3. Lessors and top-lessees will have incentive to investigate shut-in wells to independently determine whether they have an argument that a well is not capable of "meaningful" production. The industry may see an increase in top-leasing and lease challenging activities targeting shut-in wells.

4. All of this will likely result in an increase in expensive litigation over expiry of leases. The issue may be litigated before the Court of Queen's Bench (through actions to prove caveats) or in front of the ERCB (by way of well licence challenge), and possibly before the Court of Appeal (on appeal or leave to appeal). This litigation may include associated and sometimes complex claims for trespass and accounting, or a second round of litigation on those issues may follow once a lease is determined or held to have expired. In those cases, the reasonableness of the lessee's position may be significantly scrutinized by the court.

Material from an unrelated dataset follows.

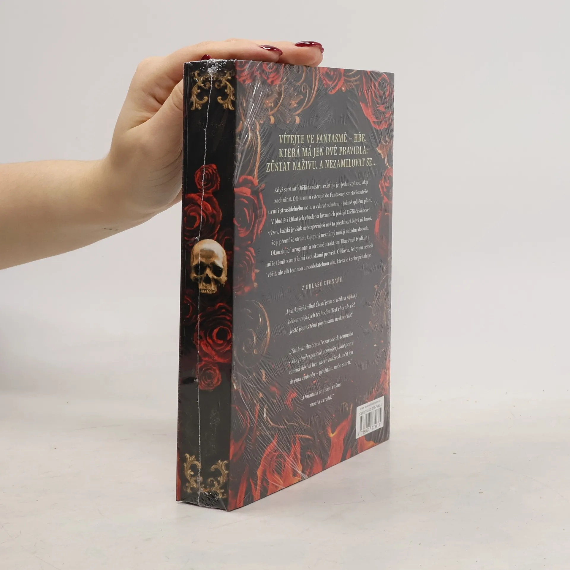 Když Ofélii a Genevieve náhle zemře matka, nemají ani čas truchlit. Ofélie totiž zdědila nejen mocnou nekromantskou magii, ale také obrovský dluh na jejich domě. Situace se však brzy ještě zhorší, protože Genevieve se rozhodne úvěr splatit tím, že vstoupí do Fantasmy – soutěže, kterou většina soutěžících nepřežije, ale vítězi se splní jedno přání. Aby mohla Ofélie sestru zachránit, musí se hry sama zúčastnit. Fantasma je však prokletým sídlem plným klikatých chodeb a honosných pokojů, v nichž číhají svůdní démoni a hříšná pokušení. Ofélie musí překonat celých devět úrovní zkoušek, aby zvítězila…, pokud ji tedy dřív nepřemůže vlastní strach. Když jí arogantní neznámý muž nabídne, že by ji mohl ochránit a vést, Ofélie ví, že by mu neměla věřit. Blackwell totiž možná nevypadá nebezpečně, ale zdání může klamat. Jenže v sázce je život její sestry, a tak si nemůže dovolit ho odmítnout. Důležité je, aby ignorovala neodolatelnou temnou přitažlivost, která je k sobě neustále táhne. Ztráta vlastního srdce je totiž ve Fantasmě nebezpečnější než prohra. Limitovaná edice populární knihy Fantasma. Jako první kniha v České republice vychází s exkluzivní 3D ořízkou, a to v nákladu pouhých 300 kusů.

5. Future decisions to shut wells in must be made with an eye to meeting the "meaningful production" test if challenged. Further, industry participants would be well advised to consider the Court of Appeal's warning that the entitlement to shut wells in may be limited to circumstances where there are "prudent" reasons for doing so. This would be a potentially significant change to industry practice. In Omers, "none of the parties ... challenged the right to shut-in a well for any reason whatsoever."

6. The potential application of the interpretation of "capable of producing" into other situations is uncertain. For example, would the interpretation in Omers inform a future interpretation of section 15(3) of the Oil and Gas Conservation Act, which provides that no person can apply for a well licence from a pool from which another well is "capable of obtaining production" in the same drilling spacing unit?

Canadian oil and gas industry participants with interests in CAPL 91 oil and gas leases, and other leases with similar wording, may wish to assess this decision with a view to mitigating potential risks and to identifying potential opportunities based on the new "meaningful production" test.


1. Omers Energy Inc. v. Alberta (Energy Resources Conservation Board), 2011 ABCA 251 (September 7, 2011).